ASSIGNED TASK: Copy all the data exactly, except the pictures.

########

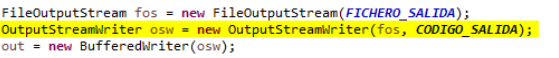 De la 27 a la 29, abrimos el fichero de entrada, indicándole la codificación y añadiendo el BufferedReader y de la 31 a la 33, abrimos el de salida, añadiéndole también el BufferedReader
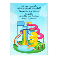 Amusement Birthday Party Invitation for Waterpark Park Fun Theme Park
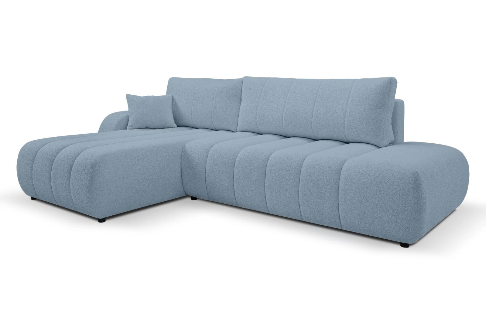 Modrý rohový gauč Hobro perfektně zapadne do moderního interiéru a stane se dominantou vašeho obývacího pokoje. Světlý odstín látky oživí prostor, jednoduchý tvar a decentní černé nožičky podtrhují lehkost a eleganci tohoto nábytku. Levý roh skvěle vynikne jak ve větších, tak i v menších obývacích pokojích a umožní snadno vytvořit útulnou relaxační zónu, která zaujme vzhledem i pohodlím při každodenním používání.
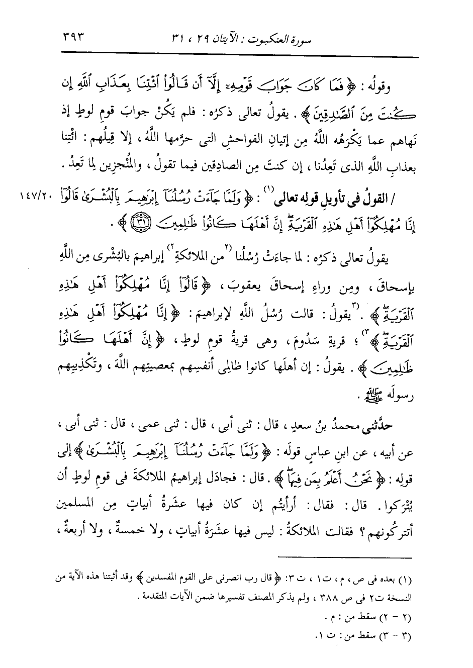 حَدَّثَنِي مُحَمَّدُ بْنُ سَعْدٍ، قَالَ: ثني أَبِي، قَالَ: ثني عَمِّي، قَالَ: ثني أَبِي، عَنْ أَبِيهِ، عَنِ ابْنِ عَبَّاسٍ، قَوْلُهُ " {§وَلَمَّا جَاءَتْ رُسُلُنَا إِبْرَاهِيمَ بِالْبُشْرَى} [العنكبوت: 31] إِلَى قَوْلِهِ {نَحْنُ أَعْلَمُ بِمَنْ فِيهَا} [العنكبوت: 32] قَالَ: فَجَادَلَ إِبْرَاهِيمُ الْمَلَائِكَةَ فِي قَوْمِ لُوطٍ أَنْ يُتْرَكُوا، قَالَ: فَقَالَ: أَرَأَيْتُمْ إِنْ كَانَ فِيهَا عَشَرَةُ أَبْيَاتٍ مِنَ الْمُسْلِمِينَ , أَتَتْرُكُونَهُمْ؟ فَقَالَتِ الْمَلَائِكَةُ: لَيْسَ فِيهَا عَشَرَةُ أَبْيَاتٍ، وَلَا خَمْسَةٍ، وَلَا أَرْبَعَةٍ، -[394]- وَلَا ثَلَاثَةٍ، وَلَا اثْنَانِ؛ قَالَ: فَحَزِنَ عَلَى لُوطٍ وَأَهْلِ بَيْتِهِ، فَقَالَ {إِنَّ فِيهَا لُوطًا قَالُوا نَحْنُ أَعْلَمُ بِمَنْ فِيهَا، لَنُنَجِّيَنَّهُ وَأَهْلَهُ إِلَّا امْرَأَتَهُ كَانَتْ مِنَ الْغَابِرِينَ} [العنكبوت: 32] فَذَلِكَ قَوْلُهُ: {يُجَادِلُنَا فِي قَوْمِ لُوطٍ، إِنَّ إِبْرَاهِيمَ لَحَلِيمٌ أَوَّاهٌ مُنِيبٌ} [هود: 75] , فَقَالَتِ الْمَلَائِكَةُ: {يَا إِبْرَاهِيمُ أَعْرِضْ عَنْ هَذَا، إِنَّهُ قَدْ جَاءَ أَمْرُ رَبِّكَ، وَإِنَّهُمْ آتِيهِمْ عَذَابٌ غَيْرُ مَرْدُودٍ} [هود: 76] فَبَعَثَ اللَّهُ إِلَيْهِمْ جِبْرَائِيلَ صَلَّى اللهُ عَلَيْهِ وَسَلَّمَ، فَانْتَسَفَ الْمَدِينَةَ وَمَا فِيهَا بِأَحَدِ جَنَاحَيْهِ، فَجَعَلَ عَالِيَهَا سَافِلَهَا، وَتَتَبَّعَهُمْ بِالْحِجَارَةِ بِكُلِّ أَرْضٍ "
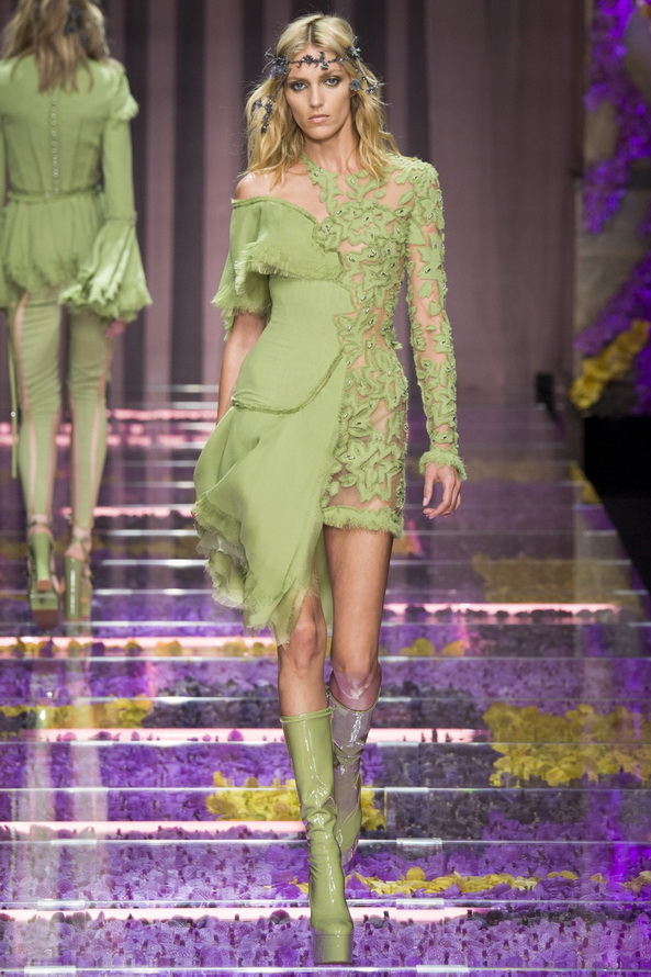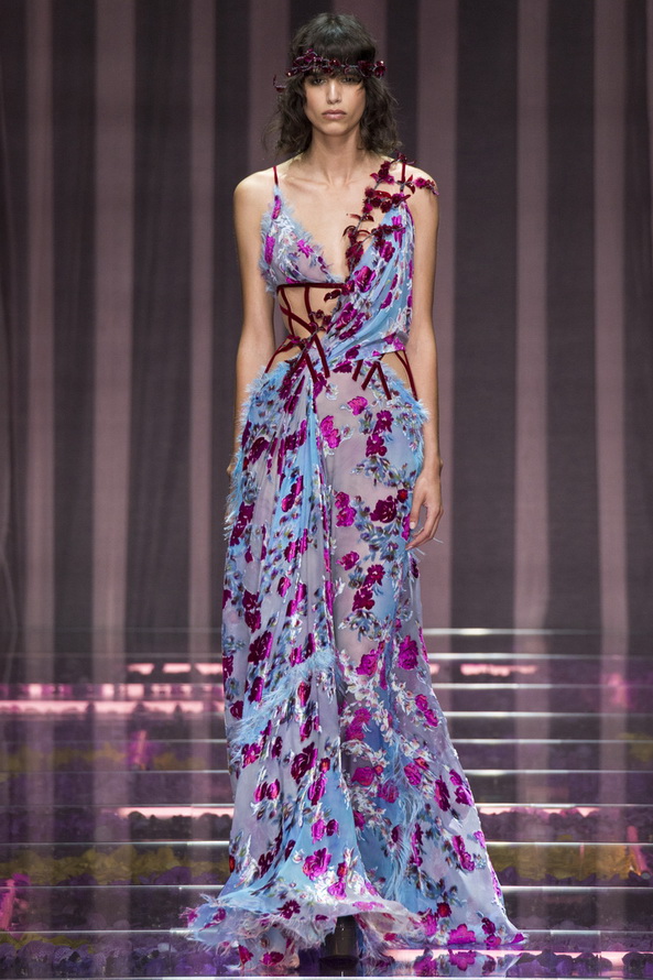Ainsi, la collection couture Atelier Versace peut être considérée comme une sorte de retour aux valeurs traditionnelles. En tout cas, la nouvelle fille de Versace n'est pas dénuée de confiance en elle, elle sait toujours ce qu'elle veut et aspire au meilleur et au plus luxueux. C'est juste que maintenant au lieu d'une femme prédatrice - un chat, elle s'est transformée en une belle nymphehabillés de tissus translucides coûteux.

########

TASK ANSWER:
 De la 27 a la 29, abrimos el fichero de entrada, indicándole la codificación y añadiendo el BufferedReader y de la 31 a la 33, abrimos el de salida, añadiéndole también el BufferedReader
 Amusement Birthday Party Invitation for Waterpark Park Fun Theme Park
 Modrý rohový gauč Hobro perfektně zapadne do moderního interiéru a stane se dominantou vašeho obývacího pokoje. Světlý odstín látky oživí prostor, jednoduchý tvar a decentní černé nožičky podtrhují lehkost a eleganci tohoto nábytku. Levý roh skvěle vynikne jak ve větších, tak i v menších obývacích pokojích a umožní snadno vytvořit útulnou relaxační zónu, která zaujme vzhledem i pohodlím při každodenním používání.
 حَدَّثَنِي مُحَمَّدُ بْنُ سَعْدٍ، قَالَ: ثني أَبِي، قَالَ: ثني عَمِّي، قَالَ: ثني أَبِي، عَنْ أَبِيهِ، عَنِ ابْنِ عَبَّاسٍ، قَوْلُهُ " {§وَلَمَّا جَاءَتْ رُسُلُنَا إِبْرَاهِيمَ بِالْبُشْرَى} [العنكبوت: 31] إِلَى قَوْلِهِ {نَحْنُ أَعْلَمُ بِمَنْ فِيهَا} [العنكبوت: 32] قَالَ: فَجَادَلَ إِبْرَاهِيمُ الْمَلَائِكَةَ فِي قَوْمِ لُوطٍ أَنْ يُتْرَكُوا، قَالَ: فَقَالَ: أَرَأَيْتُمْ إِنْ كَانَ فِيهَا عَشَرَةُ أَبْيَاتٍ مِنَ الْمُسْلِمِينَ , أَتَتْرُكُونَهُمْ؟ فَقَالَتِ الْمَلَائِكَةُ: لَيْسَ فِيهَا عَشَرَةُ أَبْيَاتٍ، وَلَا خَمْسَةٍ، وَلَا أَرْبَعَةٍ، -[394]- وَلَا ثَلَاثَةٍ، وَلَا اثْنَانِ؛ قَالَ: فَحَزِنَ عَلَى لُوطٍ وَأَهْلِ بَيْتِهِ، فَقَالَ {إِنَّ فِيهَا لُوطًا قَالُوا نَحْنُ أَعْلَمُ بِمَنْ فِيهَا، لَنُنَجِّيَنَّهُ وَأَهْلَهُ إِلَّا امْرَأَتَهُ كَانَتْ مِنَ الْغَابِرِينَ} [العنكبوت: 32] فَذَلِكَ قَوْلُهُ: {يُجَادِلُنَا فِي قَوْمِ لُوطٍ، إِنَّ إِبْرَاهِيمَ لَحَلِيمٌ أَوَّاهٌ مُنِيبٌ} [هود: 75] , فَقَالَتِ الْمَلَائِكَةُ: {يَا إِبْرَاهِيمُ أَعْرِضْ عَنْ هَذَا، إِنَّهُ قَدْ جَاءَ أَمْرُ رَبِّكَ، وَإِنَّهُمْ آتِيهِمْ عَذَابٌ غَيْرُ مَرْدُودٍ} [هود: 76] فَبَعَثَ اللَّهُ إِلَيْهِمْ جِبْرَائِيلَ صَلَّى اللهُ عَلَيْهِ وَسَلَّمَ، فَانْتَسَفَ الْمَدِينَةَ وَمَا فِيهَا بِأَحَدِ جَنَاحَيْهِ، فَجَعَلَ عَالِيَهَا سَافِلَهَا، وَتَتَبَّعَهُمْ بِالْحِجَارَةِ بِكُلِّ أَرْضٍ "
Ainsi, la collection couture Atelier Versace peut être considérée comme une sorte de retour aux valeurs traditionnelles. En tout cas, la nouvelle fille de Versace n'est pas dénuée de confiance en elle, elle sait toujours ce qu'elle veut et aspire au meilleur et au plus luxueux. C'est juste que maintenant au lieu d'une femme prédatrice - un chat, elle s'est transformée en une belle nymphehabillés de tissus translucides coûteux.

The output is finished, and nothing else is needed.